This is going to sound bizarre, but it’s true: People were raging on Twitter the other day. “No!“ you say. “That august body of rational interchange, beset by raw emotion?” True.
This issue had to do with a backyard BBQ. Someone invited all the friends and cooked all the burgers — then sent everyone a bill for $100 to cover the cost.
Opinions were split: Never speak to them again, or never speak to them for 10 years.
I thought of this when the Giant Swede invited us over for burgers. He would never send us a bill. But as is the custom in our circle, we requested that we bring dessert. He was specific: Do not make seven-layer bars that look like core samples from a planet made of sugar. Just Fudgesicles or Push-Ups.
See, it was a no-frills basic cookout. Burgers, but not ground wagyu beef on brioche. Ground chuck on industrial buns. And brats, but not artisanal fennel-infused craft sausages whose ends had been hand-cinched by a Master Meat-Monger. Just ... brats, you know?
This was not being done ironically, by the way. No one would stand around with elegant cocktails and say, “You know, by refusing to reinvent the hamburger, conceptually, he has recontextualized the essential nature of the thing.
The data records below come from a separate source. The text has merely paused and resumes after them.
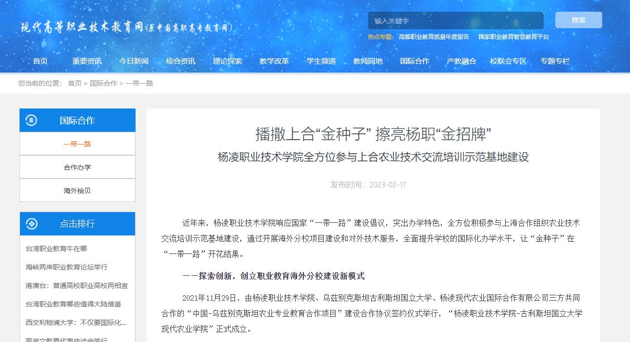 近年来,杨凌职业技术学院响应国家“一带一路”建设倡议,突出办学特色,全方位积极参与上海合作组织农业技术交流培训示范基地建设,通过开展海外分校项目建设和对外技术服务,全面提升学校的国际化办学水平,让“金种子”在“一带一路”开花结果。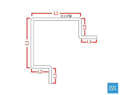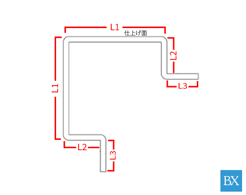 500㎜から1000㎜までの製作範囲でご希望の長さに曲げ加工品を切断加工いたします。※ご希望寸法カット後の端材は商品に含まれませんのでご注意ください。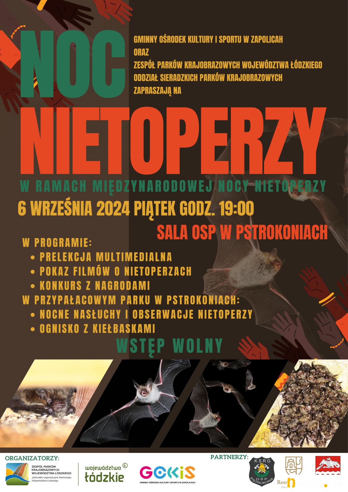 Gminny Ośrodek Kultury i Sportu w Zapolicach oraz Zespół Parków Krajobrazowych Województwa Łódzkiego Oddział Sieradzkich Parków Krajobrazowych zapraszają jutro, 6 września, na Noc Nietoperzy. Wydarzenie organizowane jest w ramach Międzynarodowej Nocy Nietoperzy.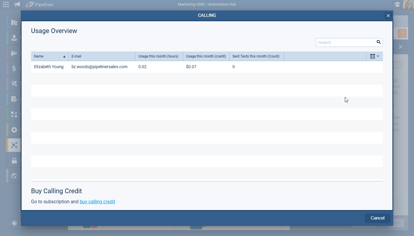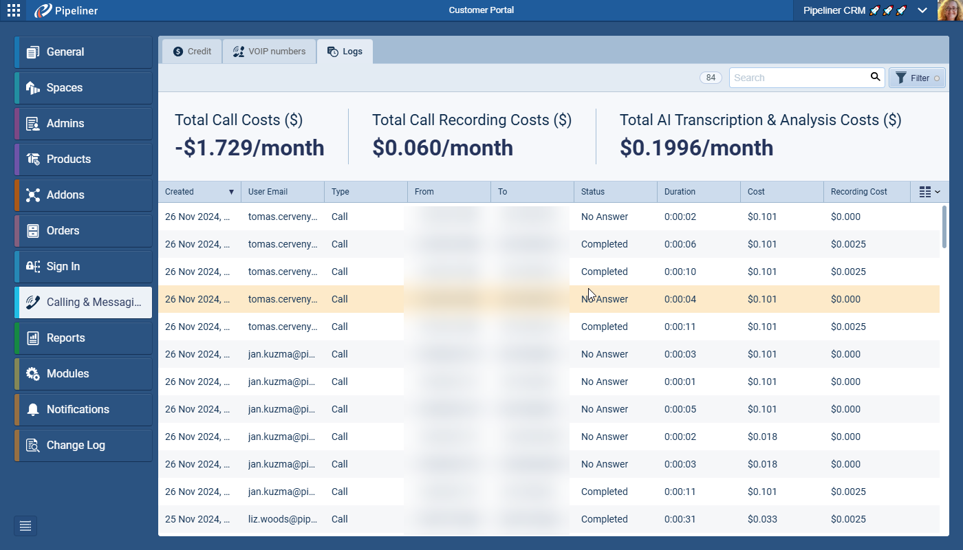 The costs are transparent and tracked for recording, transcription, and AI voice intelligence (analysis). These costs are deducted from your total Credit purchased. As an Admin, you can easily monitor a detailed, daily-updated breakdown of these AI costs per user within the Automation Hub Calling & MessagingMessaging Messaging is the process of communicating your brand’s value proposition, the benefits you offer, and the perceived meaning of such communication among your target audience. configuration page, ensuring you maintain complete control over your budget.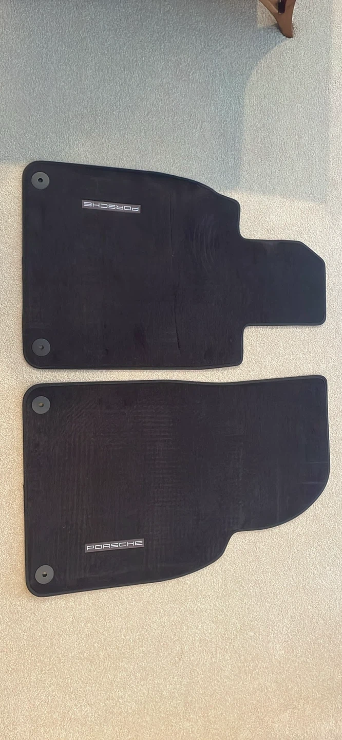 2018 Porsche 911 floor mats. BRAND NEW, never used. Full set of 4, Expresso color. Two front, two rear. Features the Porsche logo on the front mats. Includes anchor points for secure placement.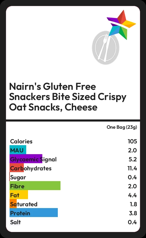 Nairn's Gluten Free Snackers Bite Sized Crispy Oat Snacks, Cheese contains 105 calories in one Bag (23g).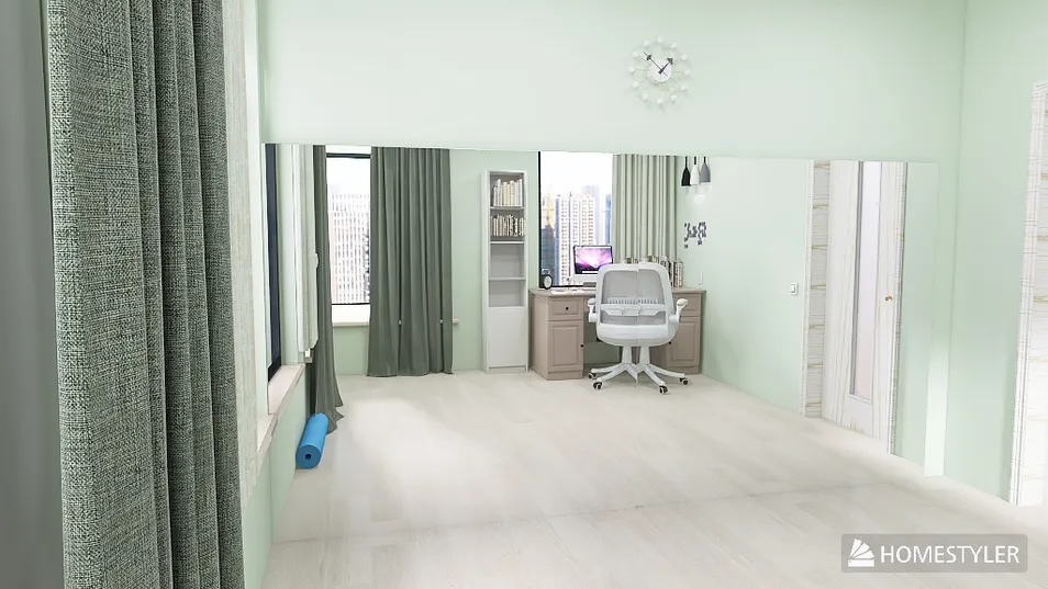In this space, delicate shades of green embrace the light, creating a cozy and peaceful atmosphere. Textured fabric curtains drape softly, and minimalist furniture blends with the city skyline, inviting you to enjoy coffee and breakfast amidst the towering buildings. ... В этом пространстве нежные зеленые оттенки обнимают свет, создавая атмосферу уюта и спокойствия. Шторы из текстурированной ткани мягко драпируются, а минималистичная мебель сливается с городской панорамой, словно приглашая на кофе за завтраком среди высоток.

Like Warhol and the soup can. Oh, look, yellow mustard without any sort of pedigree whatsoever; don’t you love it? I practically feel like a caveman.”
Alas, the store had no Fudgesicles. No Push-Ups. Had they gone away? I didn’t get the memo. Had I just awakened from a long, long sleep to find the world utterly changed? What would happen if I asked a store employee why the Fudgesicles and Push-Ups were gone?
“Hold on, Rip Van Wrinkle, let me get you a chair, and we can see if there’s anyone who can come and get you.” (To walkie-talkie): “Yeah, we got a man in novelties, talking nonsense. He wants to do pull-ups. Check the news, see if someone wandered off.”